Directions for this task
Reproduction without pictures: print every entry precisely as written.

Records drawn from a dataset
• • • •

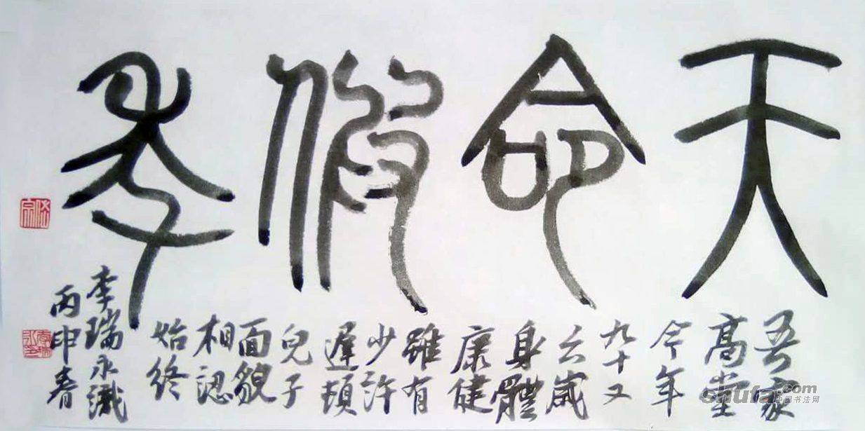李瑞永作品,敬请点评!159作品尺寸65×33厘米。篆文“天命假年”行书“吾家高堂,今年九十又六岁。身体康健,虽有少许迟顿,儿子面貌相认始终。”
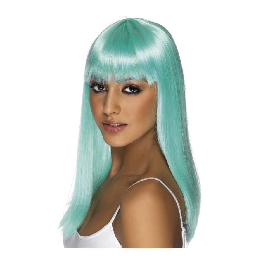 Perruque glamour de couleur turquoise, pour femme. Cette perruque est constituée de longs cheveux lisses et droits et d'une frange. La couleur vous permettra de l'utiliser pour un déguisement de personnage fantaisiste.
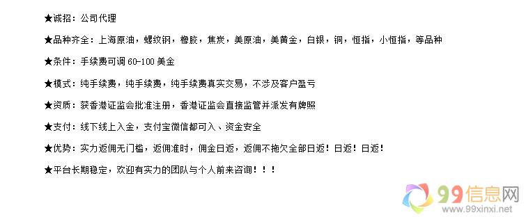 如果你有什么意见和好的建议,你都可以提,这一切都不是问题www.99xinxi.net99信息网。我们只寻求市场能够长久合作共赢的实力公司代理。长久稳定开发市场,我们长久稳定运营项目,同时返佣长久稳定,也是合作给你代理长久稳定的利润和盈利。对于好的建议和意见,我们分分钟钟立刻采纳,只要是有助于合作,有助于开发市场的,增进彼此合作的,一定会采纳的,让你见证一个行业当中一个成功的平台的崛起,同时也是你参与的一个项目的成功。这算是意见很成功和有荣耀的一件事吧。
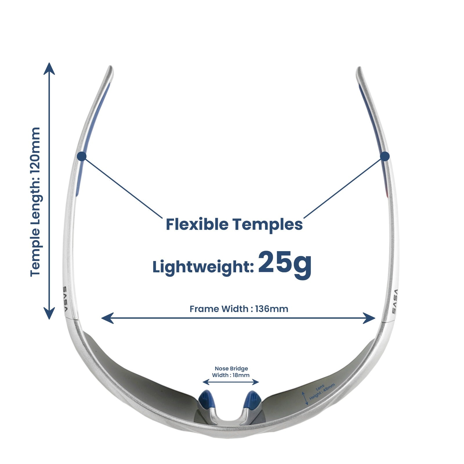 SASA Matte Silver Frame Red Revo Lens Hawkeye Sports Sunglasses
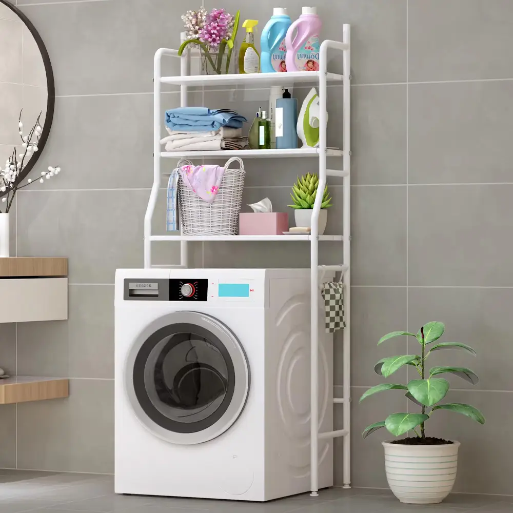 Интересное и практичное решение по организации пространства. Стойка органайзер на стиральную машину дает возможность задействовать свободное место над техникой. Особенно актуальна для небольшой ванной комнаты или кухни. Изящная конструкция совершенно не загромождает пространство, в отличие от настенного шкафа. При этом стойка достаточно вместительная. Вы сможете удобно расположить чистящие средства, хозяйственные аксессуары, косметику и банные принадлежности. Ваша стиральная машинка больше не будет заставлена бытовой химией, а стиральный порошок не упадет на пол во время отжима. Стеллаж изготовлен из нержавеющей стали с порошковым покрытием. Прочный и устойчивый. Легко собрать и установить.
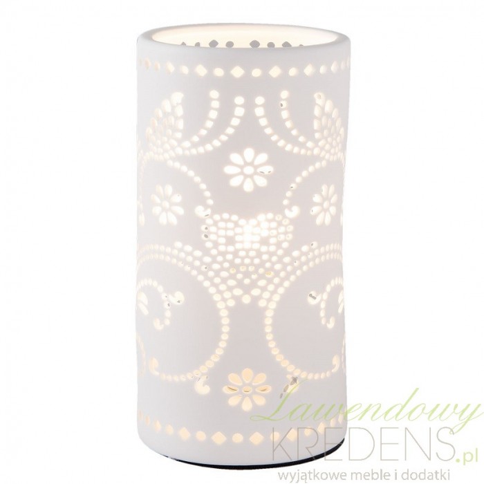 Lampka dziecięca z przepięknym wzorem kwiatów i wygiętej łodygi ma biały kolor. Wzór na lampie jest wykonany za pomocą drobnych otworów, dzięki którym równiez światło żarówki rozprasza się w wyjątowy sposób. Taka lampka ceramiczna może zdobić także elegancką sypialnię. Gorąco polecamy śliczne lampki dziecięce z azurowymi wzorkami.

• • • •

Result of this task
李瑞永作品,敬请点评!159作品尺寸65×33厘米。篆文“天命假年”行书“吾家高堂,今年九十又六岁。身体康健,虽有少许迟顿,儿子面貌相认始终。”
 Perruque glamour de couleur turquoise, pour femme. Cette perruque est constituée de longs cheveux lisses et droits et d'une frange. La couleur vous permettra de l'utiliser pour un déguisement de personnage fantaisiste.
 如果你有什么意见和好的建议,你都可以提,这一切都不是问题www.99xinxi.net99信息网。我们只寻求市场能够长久合作共赢的实力公司代理。长久稳定开发市场,我们长久稳定运营项目,同时返佣长久稳定,也是合作给你代理长久稳定的利润和盈利。对于好的建议和意见,我们分分钟钟立刻采纳,只要是有助于合作,有助于开发市场的,增进彼此合作的,一定会采纳的,让你见证一个行业当中一个成功的平台的崛起,同时也是你参与的一个项目的成功。这算是意见很成功和有荣耀的一件事吧。
 SASA Matte Silver Frame Red Revo Lens Hawkeye Sports Sunglasses
 Интересное и практичное решение по организации пространства. Стойка органайзер на стиральную машину дает возможность задействовать свободное место над техникой. Особенно актуальна для небольшой ванной комнаты или кухни. Изящная конструкция совершенно не загромождает пространство, в отличие от настенного шкафа. При этом стойка достаточно вместительная. Вы сможете удобно расположить чистящие средства, хозяйственные аксессуары, косметику и банные принадлежности. Ваша стиральная машинка больше не будет заставлена бытовой химией, а стиральный порошок не упадет на пол во время отжима. Стеллаж изготовлен из нержавеющей стали с порошковым покрытием. Прочный и устойчивый. Легко собрать и установить.
 Lampka dziecięca z przepięknym wzorem kwiatów i wygiętej łodygi ma biały kolor. Wzór na lampie jest wykonany za pomocą drobnych otworów, dzięki którym równiez światło żarówki rozprasza się w wyjątowy sposób. Taka lampka ceramiczna może zdobić także elegancką sypialnię. Gorąco polecamy śliczne lampki dziecięce z azurowymi wzorkami.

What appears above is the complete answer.